5.17.2007

El gran gurú / Teodoro Petkoff

The Great Guru

A young man by the last name of Monedero, who belongs to a Spanish political group called Izquierda Unida, which never receives more than 5% of the votes in that country, seems to be the new ideological guru of “the process” in Venezuela. In this position he succeeds Norberto Ceresole and Heinz Dieterich, that pair of charlatans who’ve already been exiled by Chávez from his ideological library of mummies. In the interview conducted by Alejandro Botía, published last Monday here in TalCual, Monedero taught us how the social democratic models of Europe cannot be repeated in Latin America: “The European welfare system, as I’ve been explaining, functions with certain previous elements that aren’t viable in Latin America.”

There’s a supremacist stance in this attitude, an ethnocentric, European arrogance, an imperial and discriminatory world vision that, like all the radical leftists from over there, Monedero never manages to conceal. Democracy, a mixed economy, the balance of State and market, social security, in sum, social democracy – Monedero tells us –, is something that belongs to us white people, the educated, the inheritors of two millennia of Judeo-Christian civilization, but you Latin American mestizos, Venezuelans, Caribbean people, loudmouths, precariously educated, inheritors of caudillos and rebel armies, who, moreover, never lived through two world wars, what you end up with is Chávez. He doesn’t even try to camouflage it. In another part of the interview, which we’ll soon publish, in a Homeric moment of sycophancy, he let loose this marvel about indefinite re-election: “Can we, by means of something that is correct in theory, which is term limits, sacrifice the possibility a country has, right now, to escape the 19th century and which is called Hugo Chávez?” How about that? To establish term limits is a “correct theory” for us politically sophisticated Europeans; you Latin American pieces of shit, you have to accept your caudillos for life or else you’ll never escape 19th century backwardness. Monedero adds: “The president knows that he’s an essential factor, and that’s how the masses see him, in order to escape the 19th century and truly belong to the 21st century.” Someone in his entourage should inform him that Vallenilla Lanz (1) used this type of idiocy to validate the tyranny of Juan Vicente Gómez, the “necessary policeman.” It’s impossible to be more of a caveman.
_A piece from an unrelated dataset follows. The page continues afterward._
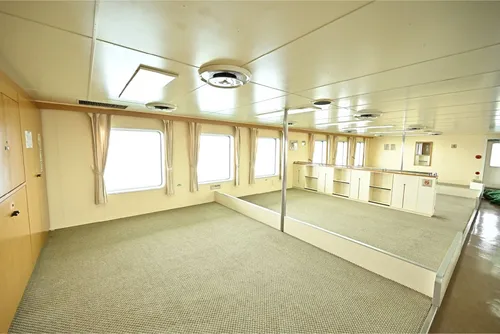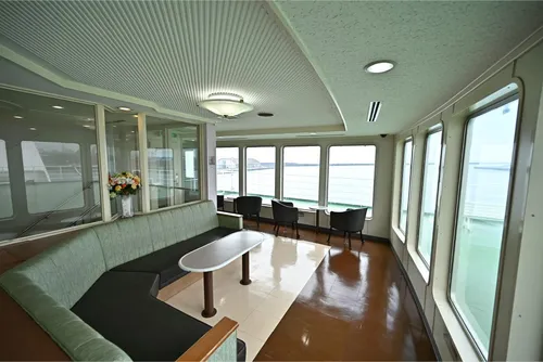 The middle size car ferry with capacity of 584 passengers and 150 vehicles. Kogane Maru navigates between Naoetsu Port and Ogi port daily except winter season. From 3rd to 5th floor of this ship is for passenger compartments, with cabins, observation lounge, pet corner, and photography spot. 1st and 2nd decks are designated for vehicle storage. The passenger cabins vary in type, second class with carpeted floor, first class with carpeted floor, first class with dog room, and Special Room.

But there’s more. Speaking of decentralization, he puts himself in the frame of mind of the Spanish People’s Party, of another Jurassic type, Aznar’s party, and he once again denies our access to it. “Regional autonomies” are for us, the civilized Spaniards; “It will be hard for you,” Venezuelans, “to understand what’s happening now if you don’t establish where you come from.” And immediately, putting on an eye patch and a peg leg, with a parrot on his shoulder, he informs us where we come from: “You come from a political model where, in the name of decentralization, what was generated was the country’s fragmentation and the abandonment of a large part of the population in the name of that democratic principle, decentralization.” How’s that seem to you, readers? One would imagine Aznar is speaking about all the calamities Spain will undergo because of its autonomous “decentralization.” It turns out, then, that this ultra-centrist republic, whose provincial administration – and with it the quality of life of a portion of Venezuelans – improved somewhat with the timid decentralization that was implemented starting in 1989 – after almost a century of hyper-centralization –, would have “become fragmented” beginning in that year, when we started to elect governors and mayors. So, how many fragments did we break into, kid? Venezuelan poverty and inequality are somehow related to decentralization? The centralization imposed by Franco, according to Monedero, is unacceptable, but the one imposed by Chávez, oh, that’s something else. It’s revolutionary and, above that, it’s Third World-ist. And we all know that when a radical European leftist discovers “anti-imperialist” guerrillas or colonels in the Third World, he has an orgasm. And he comes running to teach us the secrets of revolution.




(1) By the way, Monedero, Laureano Vallenilla Lanz was a Venezuelan positivist from the previous century who believed in providential men who remained in power for life.